Adam Legge, president of the Business Council of Alberta. Mr. Legge was a member of the Smith Government’s so-called Alberta Next Panel, set up to get Albertans enthused about handing over their retirement savings to the UCP, Making Alberta an Energy Superpower Again and replacing the RCMP with the Party’s own organs of state security. In other words, to soften up the electorate for Firewall-manifesto-style sovereignty association.
Alex Pourbaix, board chair of oilsands giant Cenovus Energy Inc., who, obviously, isn’t going to suggest anything that will particularly upset the oil industry, which as far as separation at least goes is unlikely to be a bad thing.

Janice MacKinnon, the former Saskatchewan NDP finance minister notorious in that province for closing 52 rural hospitals in the late 1990s and best known in Alberta for her role as chair of premier Kenney’s “Blue Ribbon Panel” that called for a full-blown austerity program that would have cut more than $600 million a year from the province’s operating budget, privatized health-care services, ended limits on tuition fees, and declared war with the province’s public sector unions. This plan for destruction was upended by the arrival of the COVID-19 pandemic a year later. She is a teacher at the University of Saskatchewan and presumably a resident of that province.

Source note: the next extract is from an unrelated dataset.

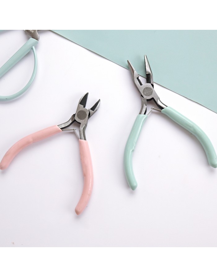 • Três alicates com punhos coloridos em azul e rosa segurados por uma mão

Is there anything like an alternative economic voice on this panel? Not a chance. Not even U of C economist Trevor Tombe, whose service on the Alberta Next Panel may have been too nuanced for Ms. Smith’s taste. About the only missing face from the Usual Suspects that one might have expected to find on a panel like this is Preston Manning’s.
The government, by the way, told the CBC this exercise will cost about $1.5 million – a bargain, one supposes, if it comes in that low.
Will the panel give a meaningful report on the true costs of Alberta separation? Maybe. That probably depends on what way the political winds are blowing for Ms. Smith when the panel issues its report.
Given Ms. Smith’s performance on separation so far, though, we can be confident that no matter how bad the panel’s findings are there will be no forceful denunciation of secession or secessionism.
To return to Mr. Coyne’s observations, it’s more likely a committee like this will “accept all of the premises of secessionism, minus the conclusion to which they inexorably lead.”